Rhys settles back against the cushions. Knox doesn’t move. Declan stays in the chair.
They aren’t going out there.
The realization hits me hard: The alphas are guarding the nest.
And I am the thing in the middle.
It hits me then: if Knox and Eli hadn’t saved my belongings, if Rhys hadn’t hauled me out of the flood, if they hadn’t shoved me onto their Wi-Fi and charmed my editor, that call would’ve been a disaster.
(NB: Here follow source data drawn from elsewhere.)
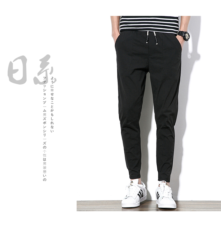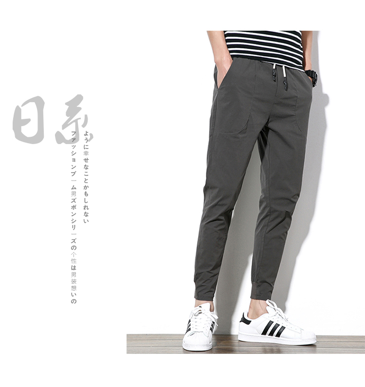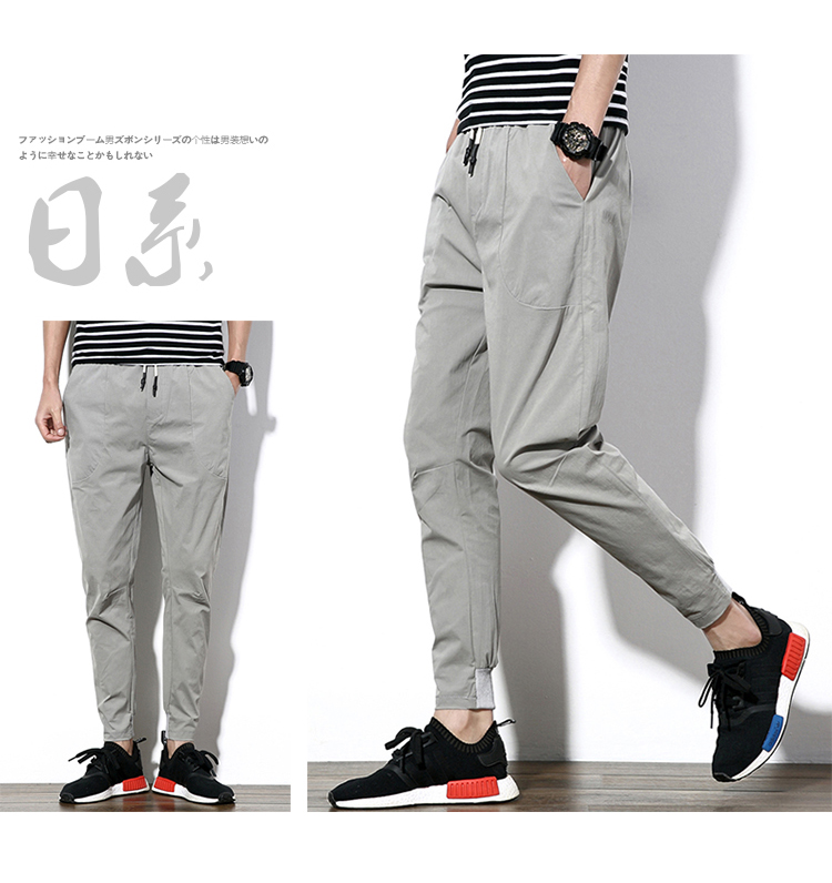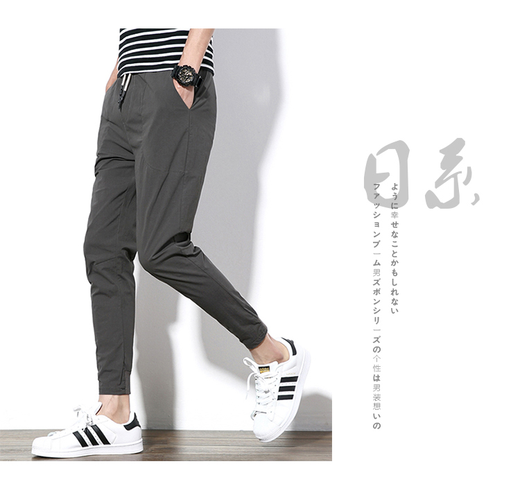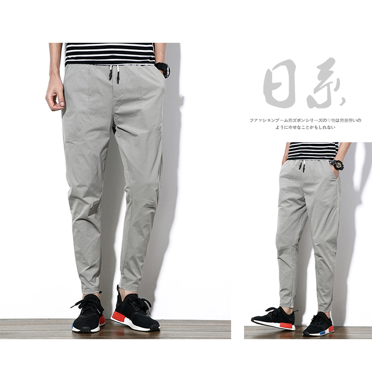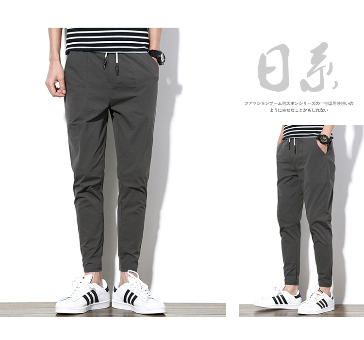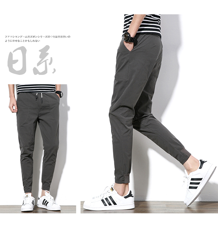 2019夏季薄款冰絲男士九分褲韓版潮流修閑褲百搭束腳收腿小腳褲
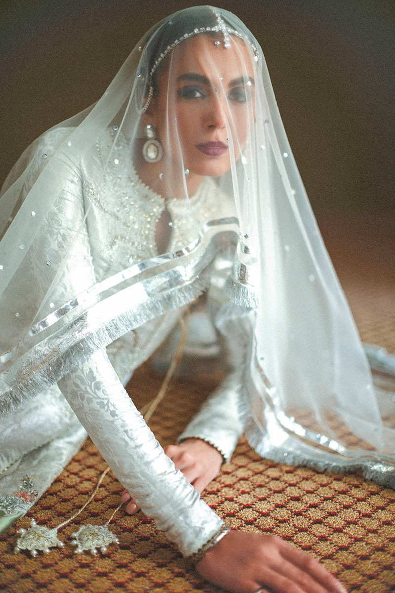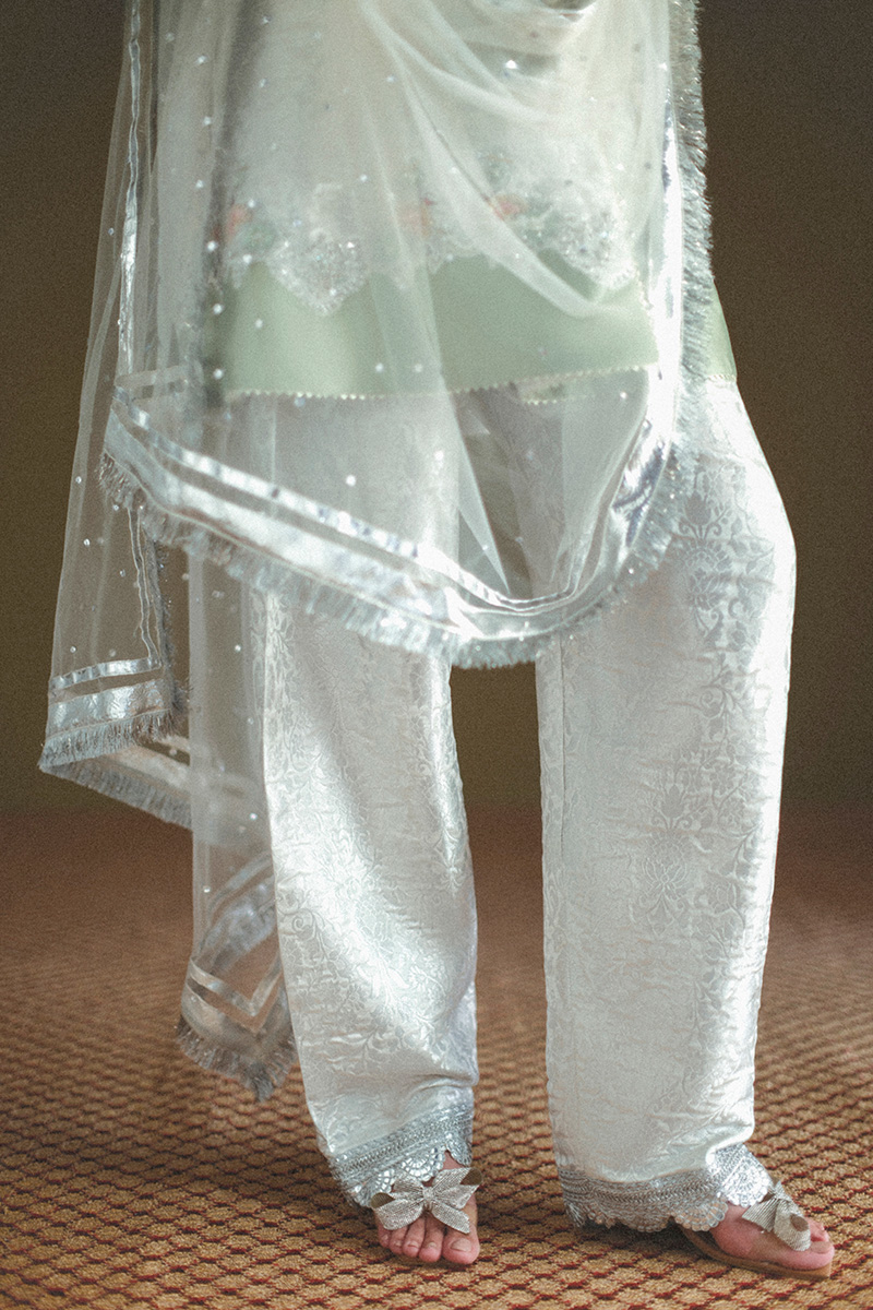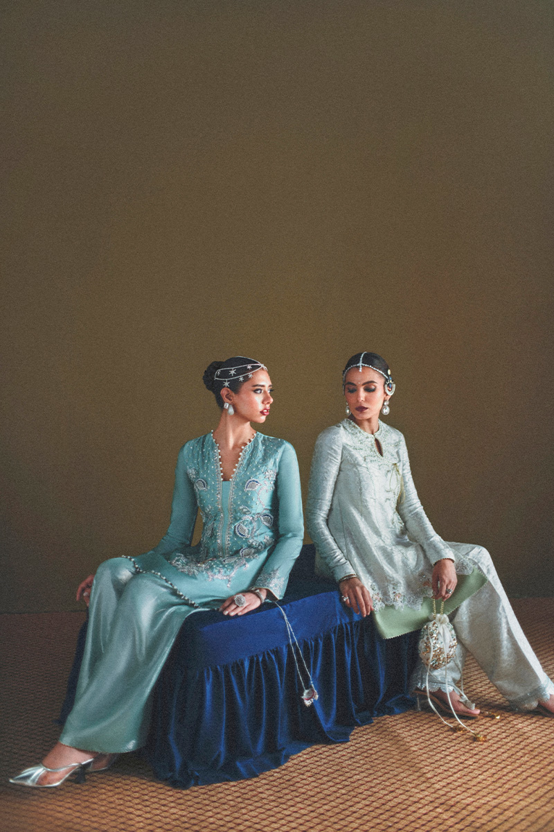 Rano - This exquisite ensemble features an intricately embroidered and embellished Angrakha cut peplum, adorned with intricate dabka, nakshi work, sequins, pearls, and crystals, each element thoughtfully placed to evoke timeless charm. The back boasts a delicately embroidered motif, while tassel accents and contrast patching elevate the artistry of the piece. Paired with a classic shalwar detailed with a finely embroidered border and a flowing organza dupatta finished with sequin spray, lappa trim, and traditional Kiran lace, this outfit blends heritage with festive finesse, making it perfect for your most special occasions.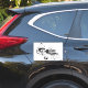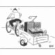 Funny DJ sticker. For the Mobile DJ. Disc Jockey on a cycle with a trailer carrying his record players and turntables. Mobile Disco cartoon.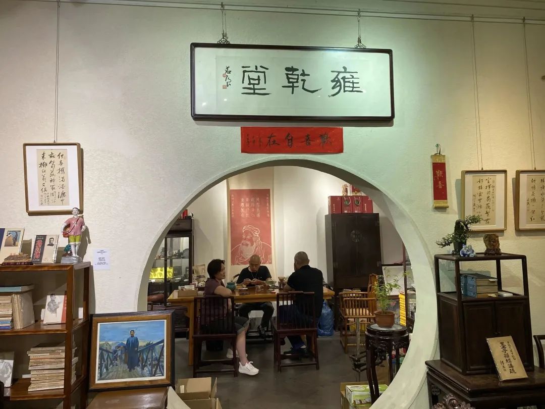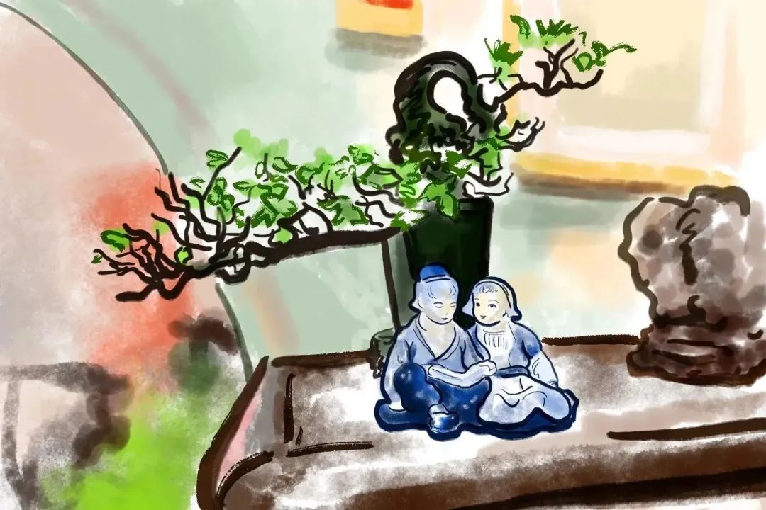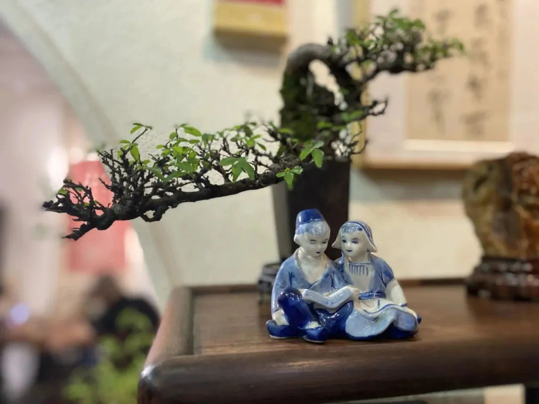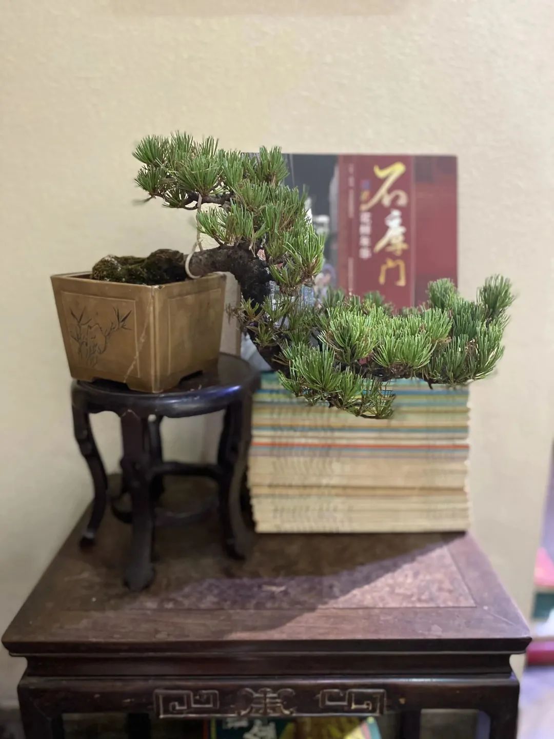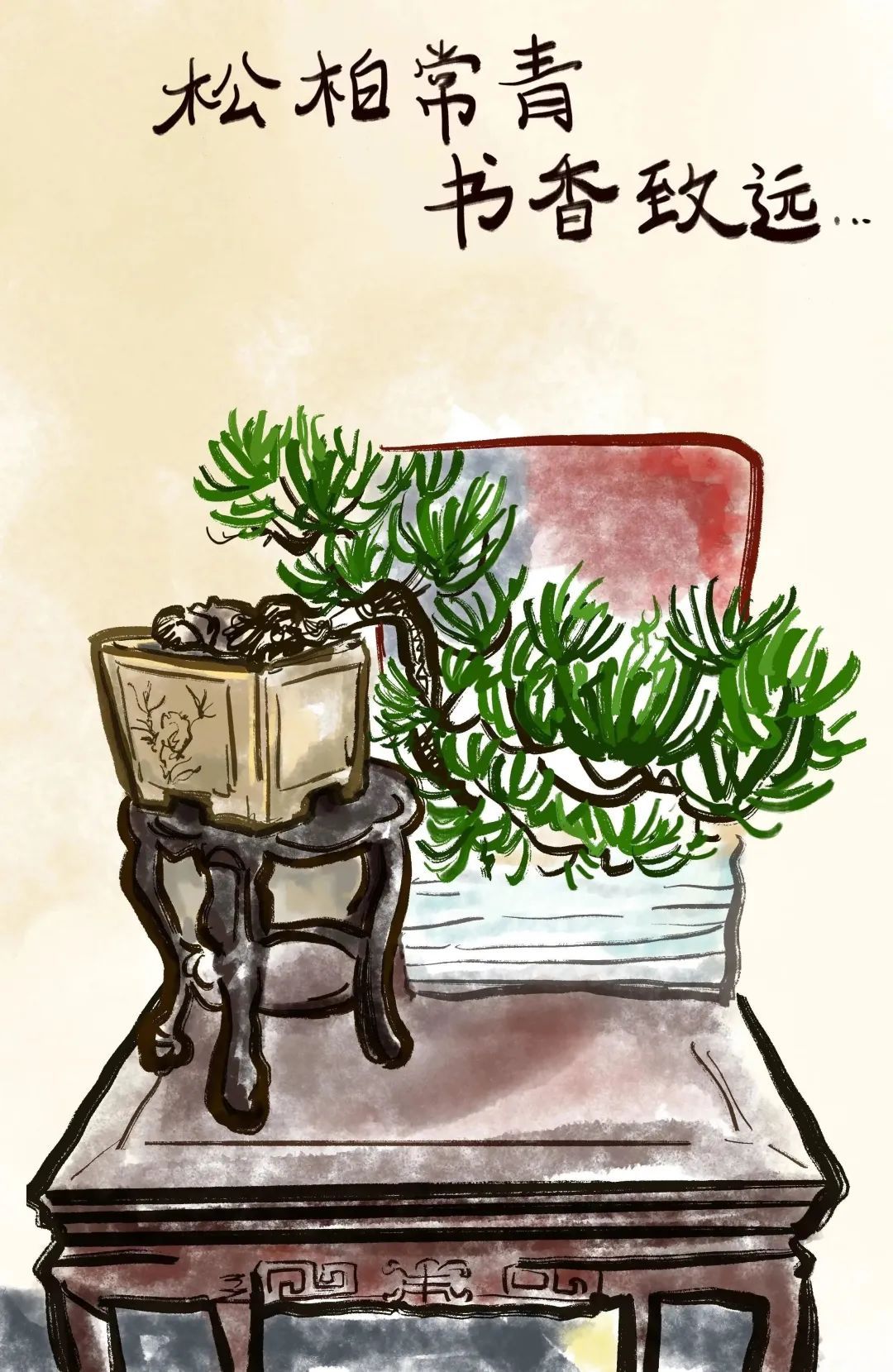 小小的盆景松条和旧红木桌几,随处可见的书册被摆出了苏州园林的味道。

Or not happened at all.
I owe them.
Not just for the house, or the rug, or the laptop.
For my actual career.
I will never, ever say that out loud.
But as I peek out from under the blanket at Rhys’s profile, at Declan still grinning, at Knox leaning against the doorframe, the thought lodges in my chest and stays:
I’m indebted.
And, grateful.
Which is the most dangerous feeling of all.